If all individuals below a limit g of BMD would be carried to the BMD value equal to g and the other individuals are unchanged, then how would the risk change? First we can note that t(g) = (g − E[BMD])/σ. The calculated risk is

$$ h \cdot \exp \,( - \log (GR) \cdot t(g) - (\log ({\text{GR}}))^{2} /2) \cdot \int\limits_{ - \infty }^{t(g)} {\frac{1}{{\sqrt {2 \cdot \pi } }} \cdot \exp ( - t^{2} /2){\text{d}}t + } $$

$$ h \cdot \int\limits_{t(g)}^{\infty } {\frac{1}{{\sqrt {2 \cdot \pi } }} \cdot \exp \,( - \log ({\text{GR}}) \cdot t - (\log } (GR))^{2} /2) \cdot \exp \,( - t^{2} /2)dt $$

The second term equals

$$ h \cdot \int\limits_{t(g)}^{\infty } {\frac{1}{{\sqrt {2 \cdot \pi } }} \cdot \exp \,( - \frac{1}{2} \cdot (t + \log \,(GR))^{2} ){\text{d}}t} $$

That implies that the risk (the hazard function) is

$$ {\text{h}} \cdot \{ { \exp }( - { \log }\,\left( {\text{GR}} \right) \cdot t\left( g \right) - \left( {{ \log }\,\left( {\text{GR}} \right)} \right)^{ 2} / 2) \cdot \Upphi \left( {t\left( g \right)} \right) \, + { 1 } - \Upphi \left( {t\left( g \right) + { \log }\,\left( {\text{GR}} \right)} \right)\} $$

(3)

where Φ is the standardized normal distribution function.

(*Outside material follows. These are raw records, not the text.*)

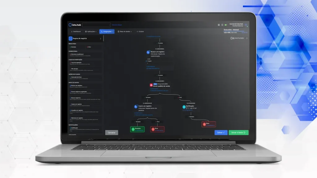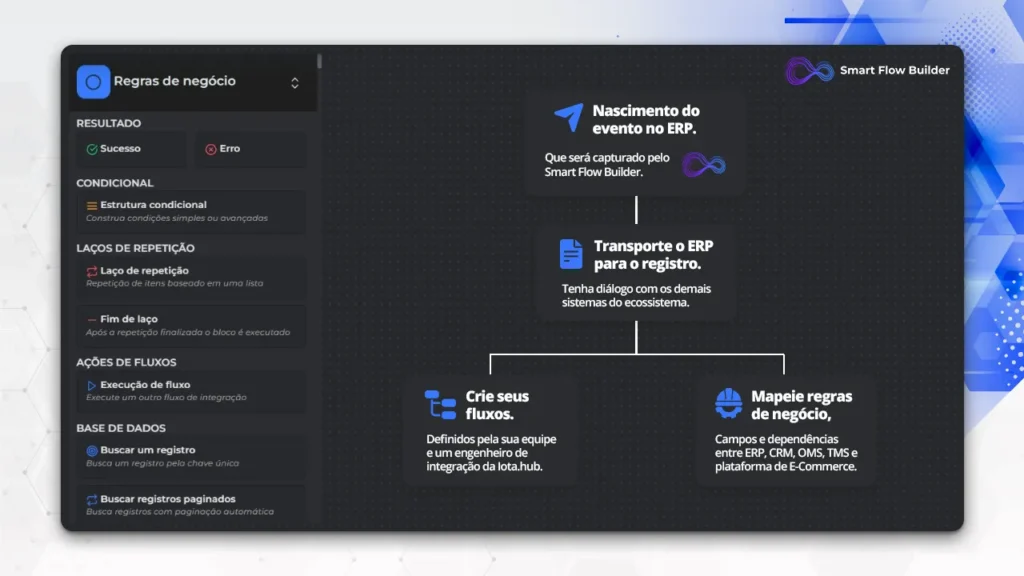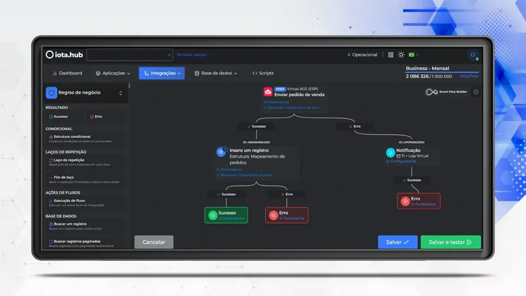 Smart Flow Builder da Iota.hub orquestra integrações entre ERP, e-commerce e CRM, aplica regras de negócio e garante dados confiáveis
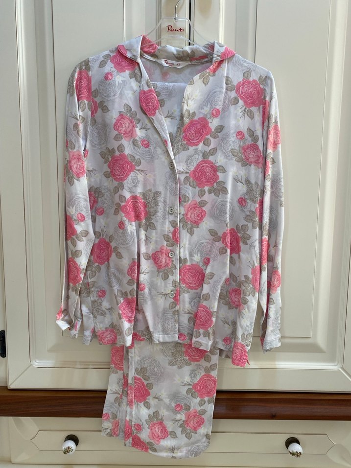 Pembe ve gri çiçek desenli, uzun kollu, bol kesim kadın pijama takımı. Midi boyda, yumuşak kumaştan rahat kullanım sağlar.
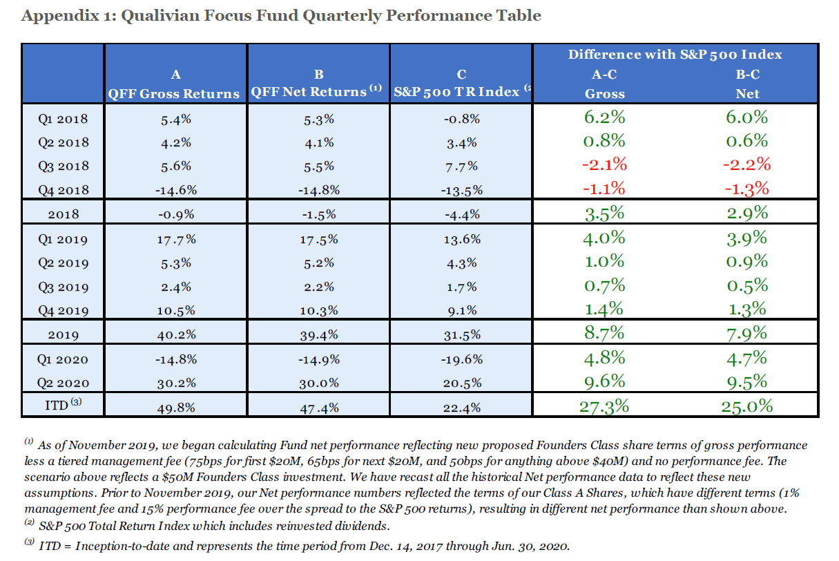 “Our performance in Q2 was ahead of the S&P 500 by 9.6% and 9.5% on a gross and net basis. Since inception through Q2 2020, we have outperformed by...
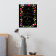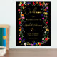 Boho moderne fleurs sauvages éclatantes nuptiale bienvenue bohème douche nuptiale signe de bienvenue avec véritable feuille d'or. Avec des teintes rose, rouge, vert et violet des fleurs botaniques inspirées des jardins rustiques fleur sauvage et aquarelle, avec une végétation subtile et une typographie boho moderne sur arrière - plan foncé.

The factor with which h is multiplied in equation (3) was calculated for the different gradients given in Johnell et al. [21] and the limit g = 0.558 g/cm².

We note that

$$ t\left( g \right) \, = \, \left( {g - E\left[ {\text{BMD}} \right]} \right)/\sigma $$

The mean value E[BMD] and the standard deviation σ vary by age and sex. The limit 0.558 fulfils Φ(t(0.558)) = 0.0062, when the mean and standard deviation equals that of women in the age interval 20–29 years. The limit corresponds to 2.5 SD below the mean of women 20–29 years of age.